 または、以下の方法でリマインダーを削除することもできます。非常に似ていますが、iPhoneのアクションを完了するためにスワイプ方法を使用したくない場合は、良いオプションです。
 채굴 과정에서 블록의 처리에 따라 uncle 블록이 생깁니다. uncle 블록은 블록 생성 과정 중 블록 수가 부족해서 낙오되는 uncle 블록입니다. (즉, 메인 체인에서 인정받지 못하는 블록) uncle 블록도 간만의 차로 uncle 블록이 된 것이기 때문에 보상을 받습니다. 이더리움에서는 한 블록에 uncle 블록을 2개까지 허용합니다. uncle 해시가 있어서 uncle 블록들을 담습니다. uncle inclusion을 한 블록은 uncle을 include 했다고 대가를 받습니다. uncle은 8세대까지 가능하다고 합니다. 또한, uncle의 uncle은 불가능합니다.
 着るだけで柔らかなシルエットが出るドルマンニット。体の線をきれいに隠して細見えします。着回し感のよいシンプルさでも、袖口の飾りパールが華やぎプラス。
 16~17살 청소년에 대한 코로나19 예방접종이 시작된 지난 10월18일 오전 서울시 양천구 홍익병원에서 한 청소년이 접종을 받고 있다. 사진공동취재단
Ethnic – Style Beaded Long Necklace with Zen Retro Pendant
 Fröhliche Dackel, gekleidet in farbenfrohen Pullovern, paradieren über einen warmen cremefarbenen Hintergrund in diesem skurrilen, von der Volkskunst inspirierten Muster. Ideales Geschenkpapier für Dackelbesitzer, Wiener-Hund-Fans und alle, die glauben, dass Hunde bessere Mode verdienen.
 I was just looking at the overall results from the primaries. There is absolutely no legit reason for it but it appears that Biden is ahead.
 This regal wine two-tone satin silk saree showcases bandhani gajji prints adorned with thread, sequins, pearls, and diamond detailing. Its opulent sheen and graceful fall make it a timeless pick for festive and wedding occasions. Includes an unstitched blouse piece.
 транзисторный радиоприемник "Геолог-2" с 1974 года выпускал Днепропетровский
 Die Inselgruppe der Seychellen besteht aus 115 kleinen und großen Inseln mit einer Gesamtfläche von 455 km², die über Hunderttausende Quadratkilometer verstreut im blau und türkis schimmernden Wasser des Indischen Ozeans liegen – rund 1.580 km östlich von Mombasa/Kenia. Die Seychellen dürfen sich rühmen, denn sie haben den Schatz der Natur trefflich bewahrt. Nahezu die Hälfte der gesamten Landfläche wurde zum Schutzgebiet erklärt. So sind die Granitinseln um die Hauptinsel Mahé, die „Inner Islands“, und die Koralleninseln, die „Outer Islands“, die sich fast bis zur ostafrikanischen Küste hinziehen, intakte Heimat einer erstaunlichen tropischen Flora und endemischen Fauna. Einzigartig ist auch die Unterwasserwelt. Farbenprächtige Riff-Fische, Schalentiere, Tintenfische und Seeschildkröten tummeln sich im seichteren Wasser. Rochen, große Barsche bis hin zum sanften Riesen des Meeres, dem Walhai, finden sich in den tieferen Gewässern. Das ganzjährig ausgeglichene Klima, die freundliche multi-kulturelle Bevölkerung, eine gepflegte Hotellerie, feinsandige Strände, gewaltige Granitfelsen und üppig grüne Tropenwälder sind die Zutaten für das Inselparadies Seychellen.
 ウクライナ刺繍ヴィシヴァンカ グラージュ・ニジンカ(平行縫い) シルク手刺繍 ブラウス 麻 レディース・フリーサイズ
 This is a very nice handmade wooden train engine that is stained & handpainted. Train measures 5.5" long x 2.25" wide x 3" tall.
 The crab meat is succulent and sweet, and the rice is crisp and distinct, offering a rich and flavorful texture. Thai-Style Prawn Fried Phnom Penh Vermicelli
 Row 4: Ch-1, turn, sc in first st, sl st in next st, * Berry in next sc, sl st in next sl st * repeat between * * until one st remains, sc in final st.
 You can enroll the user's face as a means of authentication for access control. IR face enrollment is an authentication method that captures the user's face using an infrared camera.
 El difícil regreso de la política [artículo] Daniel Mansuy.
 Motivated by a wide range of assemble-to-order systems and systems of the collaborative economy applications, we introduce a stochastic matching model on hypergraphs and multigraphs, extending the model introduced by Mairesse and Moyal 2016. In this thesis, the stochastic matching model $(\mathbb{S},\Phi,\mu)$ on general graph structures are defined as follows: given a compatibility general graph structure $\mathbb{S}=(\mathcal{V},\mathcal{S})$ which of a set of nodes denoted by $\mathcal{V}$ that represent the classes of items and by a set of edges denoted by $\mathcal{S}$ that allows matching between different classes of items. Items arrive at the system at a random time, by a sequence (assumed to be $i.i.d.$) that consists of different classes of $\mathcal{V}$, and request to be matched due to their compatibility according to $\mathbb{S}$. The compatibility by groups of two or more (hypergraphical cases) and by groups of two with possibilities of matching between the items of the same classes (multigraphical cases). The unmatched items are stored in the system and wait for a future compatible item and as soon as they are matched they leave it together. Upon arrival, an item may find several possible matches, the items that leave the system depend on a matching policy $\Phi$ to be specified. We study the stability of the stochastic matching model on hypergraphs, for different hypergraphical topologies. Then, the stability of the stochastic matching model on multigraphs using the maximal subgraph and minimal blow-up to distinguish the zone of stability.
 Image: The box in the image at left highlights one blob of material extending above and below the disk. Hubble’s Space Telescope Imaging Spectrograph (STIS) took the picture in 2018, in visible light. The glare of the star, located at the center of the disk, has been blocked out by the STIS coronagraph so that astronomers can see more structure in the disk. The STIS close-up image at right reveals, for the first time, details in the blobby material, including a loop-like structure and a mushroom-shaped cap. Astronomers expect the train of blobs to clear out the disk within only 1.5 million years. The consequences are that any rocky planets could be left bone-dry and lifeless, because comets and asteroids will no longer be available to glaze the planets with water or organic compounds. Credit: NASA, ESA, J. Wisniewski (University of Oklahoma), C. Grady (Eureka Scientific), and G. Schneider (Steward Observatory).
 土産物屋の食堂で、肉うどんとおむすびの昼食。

* What the task asks:
I'd like the lines above from the one with "Row 4: Ch-1, turn, sc" up to and including the one with "El difícil regreso" copied exactly, with no other lines.

* Output below:
 Row 4: Ch-1, turn, sc in first st, sl st in next st, * Berry in next sc, sl st in next sl st * repeat between * * until one st remains, sc in final st.
 You can enroll the user's face as a means of authentication for access control. IR face enrollment is an authentication method that captures the user's face using an infrared camera.
 El difícil regreso de la política [artículo] Daniel Mansuy.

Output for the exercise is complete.